God she's so funny. And beautiful. And bangin' bod. And talented. Like, why make her so perfect, god? Why not me instead? WHY GOD?


----------



## SilentLyric

I never got to see this movie. At first I thought this movie aired months ago, but then I recently saw it in the movie times. :| I was excited but remembered I had no one to go with. I really wanted to see Bradley Cooper. Handsome man.


----------



## ShadyGFX

I'd be on her for sure.


----------



## Barette

@SilentLuke, You ought to see it. I've gone to the movies alone, no one cares. It's such a fantastic film.


----------



## Nitrogen

She's adorbs.


----------



## Barette

ThatOneQuietGuy said:


> I want to feel her insides. I don't care if that sounds creepy.


----------



## nullptr

ShadyGFX said:


> I'd be on her for sure.


:yes


----------



## KelsKels

She is really really pretty.. beautiful even. I rather hate the hunger games though.. but shes so hot that I forgive her for being the lead role.


----------



## meganmila

When I first saw her ( When she was nominated for the Winters bone) I thought "Damn, who's that hot girl?" I also read an article about her in The Rolling Stone and she seemed pretty cool. She's only a few months younger then me. Awesome.

I do agree that Bradley Cooper was the better actor out of all of them.


----------



## MindOverMood

If only it slit a couple inches higher..


----------



## Barette

MindOverMood said:


> If only it slit a couple inches higher..


SO CLOSE










Edit: Damn, just realized that's not JL in my gif, I don't think at least.


----------



## Diacetylmorphine

she's hot, I haven't seen any of her movies though.


----------



## T-Bone

never heard of her.


----------



## Hello22

WHO?????


----------



## AussiePea

Hello22 said:


> WHO?????


Jennifer (do what you will with me) Lawrence.

LEIK, DURRRR


----------



## Barette

SomebodyWakeME said:


> never heard of her.





Hello22 said:


> WHO?????


----------



## T-Bone

^ she doesnt look like anyone special to me. so i guess i don't have an opinion?
shes average in attractiveness, if that's what im supposed to be judging.


----------



## Barette

You just don't get it, man. You're not a part of the club.


----------



## Hello22

Barette said:


>


Alright, i thought i was missing out on life, obviously i wasn't missing much


----------



## PickleNose

Should I know this person?


----------



## diamondheart89

She's cute and squidgy :yes


----------



## mysterioussoul

I was starting to crush on her before but now I don't.

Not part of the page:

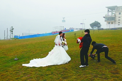2月8日农历正月初六,不少新人穿着礼服,来到位于江北嘴的重庆大剧院前拍婚纱照。重庆大剧院是重庆的新地标建筑,是新重庆的象征,附近规划中的CBD正如火如荼地建设着。嘉陵江索道北站台孤零零地竖立在工地的乱石堆旁。

She's really witty and fun though. A part of me want to be like her.


----------



## probably offline

Do not care one way or the other [√]


----------



## Owl-99

I liked her in 'winter's bone'. Apart from that she's okay.


----------



## Meli24R

I haven't seen Silver Linings Playbook yet, but I'm probably gonna see it soon. She was great in the other roles I've seen her in. I love her personality too..she's so funny and down to earth in interviews.


----------



## typemismatch

Never heard of her. I like it when I've never heard of people that are supposedly famous. She just looks like another actress that will be around for 5 minutes until another young blonde comes along and replaces her, sad as that may be.


----------



## tlgibson97

I didn't even recognize her in X-men. I saw her listed on the cast later on and had to look to see which character she played. I guess I didn't know who she was back then.


----------



## Charmander

She's alright. Kind of annoys me that everyone seems to be talking about her as if she's the most amazing and prettiest actress of all time though.  (Not talking about this thread by the way, just the things I see on Youtube and Tumblr). I did like her in x-men though. I think I prefer it when she's not a leading role.


----------



## Mlochail

Don't know her. Don't really care.


----------



## mardymoo

She's so cool, I wanna be her. LOVED the hunger games.


----------



## Gloomlight

I voted for "be on her", although I wouldn't mind being her either. She seems really down-to-earth and fun. I don't often crush on movie stars but she's an exception. :b


----------



## MiMiK

have a huge crush on katniss


----------



## Monotony

PickleNose said:


> Should I know this person?


:ditto


----------



## Soilwork

She's decent looking but not nearly as pretty as people are making her out to be. The only film I've seen her in is The Hunger Games.


----------



## mezzoforte

She is very attractive.

I voted "Be on her".


----------



## Just Lurking

She is unremarkable.


----------



## HollowPrince

Ever since i saw Silver Linings Playbook, I'm not a fan of her. She was ok in another 3-4 movies (which were crappy actually), but here...ugh, i don't know why, but i couldn't stand her. I thought the movie was good, but i think it would be better with a different actress. Like, the one from AHS, Lizzie, or so many other - imo better actresses.


----------



## Freiheit

I think she's okay looking. I haven't seen any movie she was in so I can't really say anything else.


----------



## theseventhkey

She's okay. I think her acting talent is better than her looks, she's attractive but not to point if I seen her I would want to rip her clothes off. Now, Jennifer Connelly, oh yeah, I would want to be "on her".


----------



## ACCV93

She's quite pretty, and she seems like a pretty chill person. I honestly think she'd be great to have a convo with. I've only seen her in the hunger games though.


----------



## Barette

Elad said:


> Shes my favourite female actor right now, actually just finished watching house at the end of the street. Seems down to earth and just.. everything.
> 
> also I want to **** her senseless. srs. the things I would do. she had a little extra cushion in this movie, and it makes me want to do her even more.
> 
> this post will probably get deleted by me later because its creepy af and I don't ever find actresses this attractive but right now I want to impregnate her.
> 
> would never pull out/100


I fully endorse this comment.


----------



## Barette

Surprised that there's a few haterz. It's okay though, not everyone is cool enough to recognize her awesomeness. What can you do?


----------



## T-Bone

Barette said:


> Surprised that there's a few haterz. It's okay though, not everyone is cool enough to recognize her awesomeness. What can you do?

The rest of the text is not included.